Monday, Jul. 18, 1994
It's Already the TV Movie
By RICHARD CORLISS
Are we weary of this yet? Has a single citizen of the global village OD'd on O.J.? Apparently not. Every day for two weeks everybody was talking, everybody was watching. Last Friday, when the pretrial hearing reached its grisly climax, was Day 26 of America Held Hostage by its own lust for sensation. On ABC, CBS, NBC, FOX, CNN, ESPN2 and especially COURT TV (the all-O.J. channel), the talkathon played six or more hours a day. Afternoon ratings soared 24% above their usual levels; prime-time specials were available for the law- impaired and the jurisimprudent. If you still couldn't get enough, you must have contracted Simpsonitis, an inflammation of tabloid curiosity, which has evidently attained epidemic proportions in Los Angeles; at least station KCBS- TV deemed that affliction worthy of a special news report. We have reached the nadir of infotainment: infotaint.
America has a strange taste in atrocities and an elastic attention span for them. The 10,000 African children who die each day of starvation can hardly cop a headline, but Tonya and Nancy held our fascination for weeks. Some see O.J. Simpson as a hero, not guilty by reason of celebrity. Others want him to be unmasked as a villain, if only because it solves this riveting murder mystery. Until a jury determines his fate, he is neither. He is a minor pop star -- a onetime running back, a rental-car salesman, a modestly gifted actor -- in big trouble. Perhaps in an age long depleted of kings, we can come no closer to Greek tragedy than Oedipus Hertz.
Every star needs supporting actors. Simpson's have come, almost literally, from Central Casting. Brian Kaelin, with his sleepy-surfer blondness, is a part-time actor whose films include Beach Fever. Robert Shapiro, the Rupert Murdoch look-alike, and Gerald Uelmen, a less telegenic Matlock, play bad cop- good cop for the defense.
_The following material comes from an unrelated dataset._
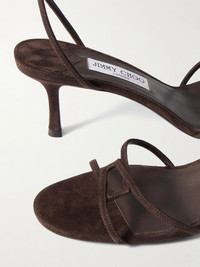 Jimmy Choo's shoes are a favorite for A-listers like Zendaya and Bella Hadid for the red carpet. These 'Leo' sandals have been made in Italy from smooth suede with barely-there crossover straps and 65mm stiletto heels. Size & Fit - Fits true to size, take your normal size - Only available in full sizes, go up to the nearest whole size if you take a half size - Italian sizing Details & Care - Heel measures approximately 65mm/ 2.5 inches - Chocolate suede (Calf) - Buckle-fastening ankle strap

Prosecutor Marcia Clark is a former professional dancer. Clark's witnesses have a nice racial mix out of Hill Street Blues: Greek-American male nurse, Chinese-American criminalist, middle-American detectives. During recesses, big-shot defense attorneys -- hired guns who fit the western-movie stereotypes of cowboy, gambler and hard-eyed madam -- are ready to offer the predictable wisdom that no man should be presumed guilty if he can afford to retain one of them. And just as the hearing is a sneak preview of the murder trial, so these bit players seem to be auditioning for a second career. The Tonight Show's Jay Leno imagined them all thinking, "Gee, I hope I get to play myself in the TV movie."
A TV movie would of course be redundant. This was already the perfect living-room entertainment: Barnum & Bailey meets Barnaby Jones. But it was also an education in TV watching. With no laugh track, no sobbing violins, viewers had to decide for themselves how to react to this bizarre and compelling summer series. How, for example, to decipher the soul behind a face as beautiful, iconic and unknowable as O.J. Simpson's? On Friday he listened to the coroner's droning, explicit testimony of the wounds that caused Nicole Simpson's death. Raw emotion played on his features, but what emotion? Shock? Remorse? Fury? We have spent thousands of hours watching cop shows and love stories, intuiting feelings from faces. A glance at O.J. proved that there are some secrets even TV cannot reveal.